Background checks may be expanded 

San Francisco may soon expand background checks for potential workers to include whether the person has previous convictions in states outside California.

The issue of background checks arose from the case of Terry Childs, the city worker convicted of computer tampering for withholding passwords to the FiberWAN network, which handles more than half the computer traffic for The City.

Under San Francisco’s current hiring practice, authorities have access to the state Department of Justice records, checking for criminal history in California.

Mayor Gavin Newsom has introduced a resolution that would immediately give San Francisco officials access to federal records and fingerprints, allowing them access to conviction records from other states, said Jennifer Johnston, chief policy adviser for the Human Resources Department.

That’s not to say that someone who has been convicted of a crime will be barred from employment, Johnston said.

“This isn’t an anti-conviction measure,” Johnston said. “We still believe in equal-opportunity employment. This is not creating additional barriers for those with convictions.”

The resolution was spurred by Childs. In 2008, the 45-year-old Pittsburg resident locked city officials out of the main computer system and withheld the passwords, releasing them only to Newsom during a jailhouse visit.

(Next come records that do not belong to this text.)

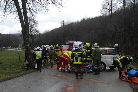 Nachdem sich herausgestellt hatte, dass die Personen nicht eingeklemmt waren, konnten die Feuerwehren Sittendorf und Dornbach wieder einrücken. In der Zwischenzeit war auch der Notarzthubschrauber eingetroffen. Nach der medizinischen Beurteilung und Betreuung durch den Notarzt, wurden die Verletzten schonend aus dem Unfallfahrzeug befreit und in zwei Rettungsfahrzeuge gebracht.
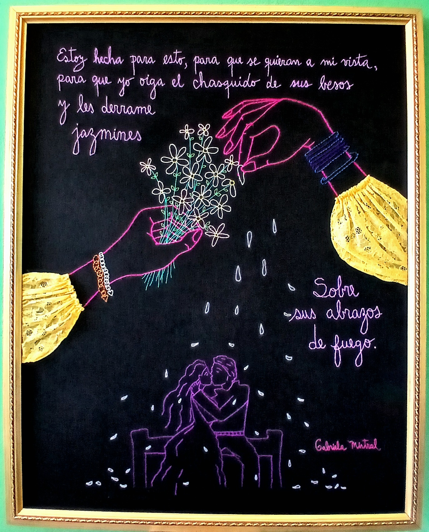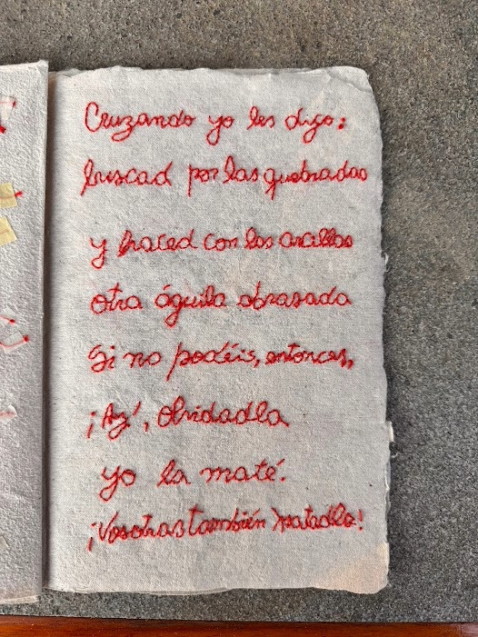 “Solo me queda agradecer a todas las voluntades que, de manera tan generosa, creen en los llamados que se activan desde esta plataforma; a las hermosas redes y afectos que he ganado en el camino, a quienes acompañan con cariño y respeto y, sobre todo, a quienes, con sus acciones, encarnan las convicciones que proclaman sus poderosos bordados. Gracias a ustedes, esta comunidad sigue creciendo, como un grito tejido de artivismos textiles en favor de la cultura de los derechos humanos”.
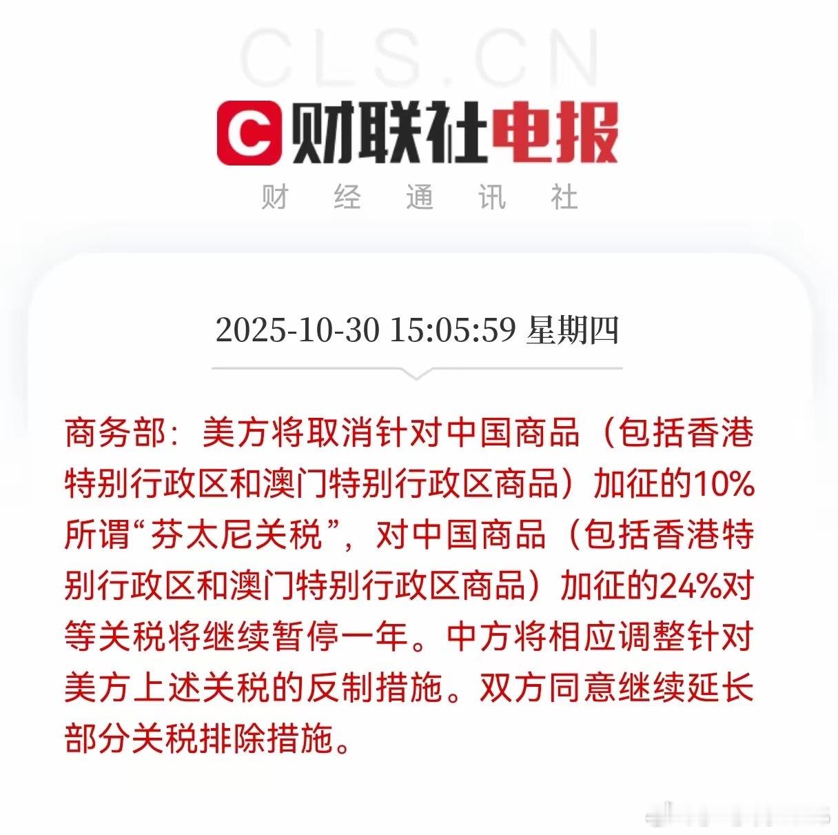 今天(2025年10月30日)商务部宣布,美方将取消对中国商品(包括香港、澳门特区商品)加征的10%所谓“芬太尼关税”,同时对中国商品加征的24%对等关税继续暂停一年。中方将相应调整对美方上述关税的反制措施,双方还同意继续延长部分关税排除措施。

It was later revealed that Childs had prior felony convictions in Kansas for robbery and burglary in 1983, for which he served four years in prison. Also, he was convicted of firearm possession in 1995.

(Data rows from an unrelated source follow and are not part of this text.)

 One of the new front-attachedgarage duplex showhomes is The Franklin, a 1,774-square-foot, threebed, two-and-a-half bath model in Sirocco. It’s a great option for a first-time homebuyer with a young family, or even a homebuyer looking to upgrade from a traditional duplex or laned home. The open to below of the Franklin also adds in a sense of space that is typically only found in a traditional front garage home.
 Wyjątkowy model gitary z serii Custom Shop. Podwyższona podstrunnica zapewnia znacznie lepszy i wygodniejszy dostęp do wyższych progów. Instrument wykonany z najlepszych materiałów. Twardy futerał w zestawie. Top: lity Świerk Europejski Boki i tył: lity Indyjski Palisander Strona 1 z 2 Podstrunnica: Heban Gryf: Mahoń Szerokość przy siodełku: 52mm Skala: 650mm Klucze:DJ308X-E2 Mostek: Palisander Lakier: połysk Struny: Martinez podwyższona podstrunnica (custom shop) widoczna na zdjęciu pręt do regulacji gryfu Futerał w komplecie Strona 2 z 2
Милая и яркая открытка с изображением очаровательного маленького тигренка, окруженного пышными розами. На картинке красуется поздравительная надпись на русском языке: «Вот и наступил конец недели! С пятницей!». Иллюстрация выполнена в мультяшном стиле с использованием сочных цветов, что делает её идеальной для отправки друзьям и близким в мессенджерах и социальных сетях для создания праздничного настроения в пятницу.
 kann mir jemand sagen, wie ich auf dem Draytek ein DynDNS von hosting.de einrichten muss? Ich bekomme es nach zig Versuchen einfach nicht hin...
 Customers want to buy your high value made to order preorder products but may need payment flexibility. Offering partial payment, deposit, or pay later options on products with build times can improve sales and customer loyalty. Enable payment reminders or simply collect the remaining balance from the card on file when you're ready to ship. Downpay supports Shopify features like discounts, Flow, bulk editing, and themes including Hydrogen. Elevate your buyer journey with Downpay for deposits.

Had The City known that, perhaps it would have given pause before hiring him, officials said.

“Terry Childs fell through the cracks of The City’s employment and background-verification process because he had an out-of-state felony conviction The City wasn’t legally authorized to check at the time,” said Tony Winnicker, Newsom’s spokesman. “This legislation will give The City access to national law enforcement databases to help ensure people with out-of-state felony convictions, like Terry Childs, are never again placed in critical positions or have access to sensitive information.”